Your assignment:
Every line below between the line holding "4月23日,第21届上海国际" and the line holding "Очаровательные вязаные шерстяные", inclusive, should be repeated exactly, and all other lines omitted.

Task data:
Content starts

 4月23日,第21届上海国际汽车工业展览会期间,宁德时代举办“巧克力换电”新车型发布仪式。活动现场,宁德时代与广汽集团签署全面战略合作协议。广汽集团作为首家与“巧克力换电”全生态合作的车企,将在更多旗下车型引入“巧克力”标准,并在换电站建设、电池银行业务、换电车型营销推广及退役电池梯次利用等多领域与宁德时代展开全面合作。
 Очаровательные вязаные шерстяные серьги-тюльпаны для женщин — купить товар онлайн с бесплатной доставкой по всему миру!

Content ends
Content starts

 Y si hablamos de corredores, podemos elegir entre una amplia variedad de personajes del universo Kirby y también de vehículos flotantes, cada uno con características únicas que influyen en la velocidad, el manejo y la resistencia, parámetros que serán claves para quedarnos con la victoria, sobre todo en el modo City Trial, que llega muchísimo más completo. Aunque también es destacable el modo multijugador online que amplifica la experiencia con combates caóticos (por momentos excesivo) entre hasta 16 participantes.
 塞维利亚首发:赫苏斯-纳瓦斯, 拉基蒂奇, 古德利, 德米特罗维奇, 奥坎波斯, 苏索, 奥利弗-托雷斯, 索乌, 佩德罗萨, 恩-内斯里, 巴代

Content ends

Solution for this problem:
 4月23日,第21届上海国际汽车工业展览会期间,宁德时代举办“巧克力换电”新车型发布仪式。活动现场,宁德时代与广汽集团签署全面战略合作协议。广汽集团作为首家与“巧克力换电”全生态合作的车企,将在更多旗下车型引入“巧克力”标准,并在换电站建设、电池银行业务、换电车型营销推广及退役电池梯次利用等多领域与宁德时代展开全面合作。
 Очаровательные вязаные шерстяные серьги-тюльпаны для женщин — купить товар онлайн с бесплатной доставкой по всему миру!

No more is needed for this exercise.